Mrs Clark has received £200,000 in advances of capital, and retained £102,230.43. She should
therefore receive a capital sum of £1,163,561. She accepted in evidence that properties of the
types for which particulars had been produced would be suitable for her and the children. I
am satisfied that she will be able to find a suitable property priced in the region of £700,000.
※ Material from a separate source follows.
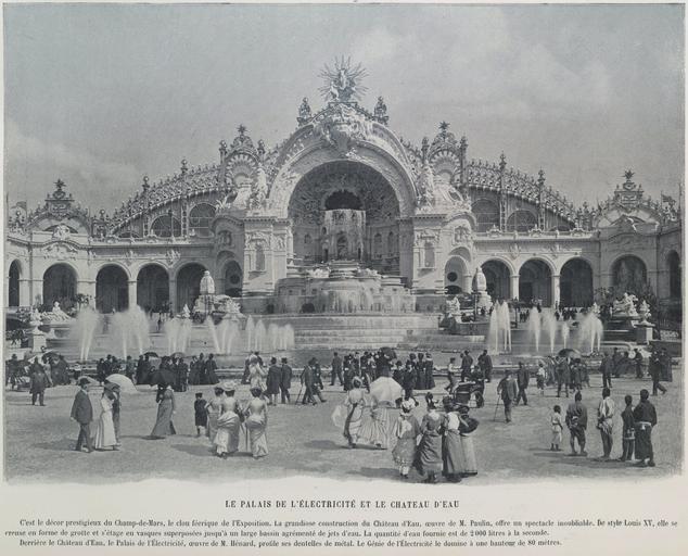 Keywords: Le palais de l'électricité et le Château d'eau, Exposition universelle 1900.jpg Electricity palace at the Paris 1900 World fair That building was entirely dedicated to technical and innovative advances using electricity The fountain in the center of the image was also a major attraction and was refered to as Le château d'eau 1900 photographic print 20 x 28 cm Institution Brown University Library object history exhibition history credit line Published in Neurdein frères and Maurice Baschet Le panorama Exposition universelle Paris Librairie d'Art Ludovic Baschet 1900 accession number 1303838249859377 PD-old Images of Paris from the Brown University Library Le panorama Exposition universelle Palais d'Electricité |
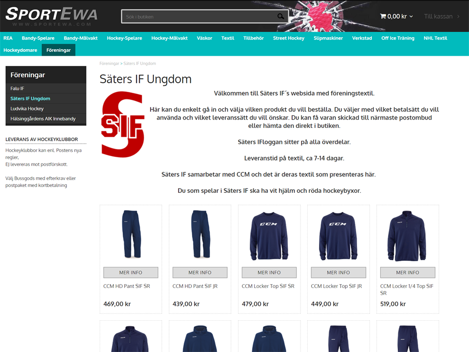 För den som vill finns det möjlighet att köpa föreningskläder via vår samarbetspart SportEwa. Torsdagen den 10 september mellan 17.30-20.30 finns representanter från Sport Ewa på plats i ishallen (Kalles Café) för utprovning av föreningskläder. Drop-in tid under vilken alla föreningens medlemmar har möjlighet att prova utvalda föreningskläder samt även beställa på plats. Vi påminner om vikten att hålla avstånd pga på Covid-19 och uppmanar alla att ha förståelse om det uppstår väntetider. En vädjan är att alla tänker till så att det endast är de personer som behöver vara med vid utprovning och beställning som är på plats. Vi tänker att om vi alla hjälps åt så kommer det fungera fint! Det går även bra att beställa direkt på deras webbplats, mao går det att beställa vid annat tillfälle https://www.sportewa.com/foreningar/saters-if-ungdom

After doing that she will have capital of more than £463,000 leaving out of account the sums
retained and paid to account. The only evidence that Mrs Clark offered about those latter
sums was that she had expended £103,000 of the capital advanced on legal fees.
[115]
For the reasons I have already given, I am satisfied that Mrs Clark is not in a position
immediately to support her ongoing expenses from employment or self-employment, and
that the process of adjustment will take some time. In the first instance there is likely to be a
period during which she remains in the former matrimonial home, until she receives a
capital sum to permit her to acquire a property of her own. Mr Clark accepted that until a
capital sum was paid, Mrs Clark should continue to receive the sum of £5,500 monthly by
way of periodical allowance.
[116]
Mrs Clark will require a periodical allowance to permit her to adjust to the loss of
what has been substantial financial support from Mr Clark, during a marriage of significant
length, and both before the relevant date and since. Although she will receive a substantial
45
sum of capital, I am satisfied that it will not be sufficient to satisfy the requirements of
section 8(2): see section 13(2). In the absence of a periodical allowance, Mrs Clark would
require to meet ongoing revenue needs from capital. Given the duration and extent of the
financial support from which she has benefitted during the marriage, there is a risk that the
capital, which will be the only immediate resource available to Mrs Clark, will be depleted if
she requires to meet regular expenses from it in the short to medium term.
[117]
Mrs Clark did not vouch a need for support greater than the payments she has
received since the relevant date. I consider it is appropriate for there to be a staged
approach with reducing levels of support over time. I will award periodical allowance
of £5,500 per month for a period of 6 months following decree or until payment of the
capital sum, if that is more than six months. I will thereafter award £4,000 per month for a
further period of 6 months (or the remainder of the first calendar year following divorce,
after payment of the capital sum if that period is less than six months), £3,000 per month in
the following year, and £2,500 per month in the year after that. I bear in mind that she will
have been able to purchase significant assets outright without the ongoing costs of finance
that would otherwise give rise to significant monthly outlays.
[118]
In the light of these orders for financial provision, I am satisfied that Mrs Clark will
not suffer serious financial hardship as a result of divorce: section 9(1)(e).
[119]
I will put the case out by order so I can be addressed as to the detail of the orders I
will require to make in order to put this arrangement into effect, including the timing of
payment of capital, and an order regulating the occupation of the former matrimonial home.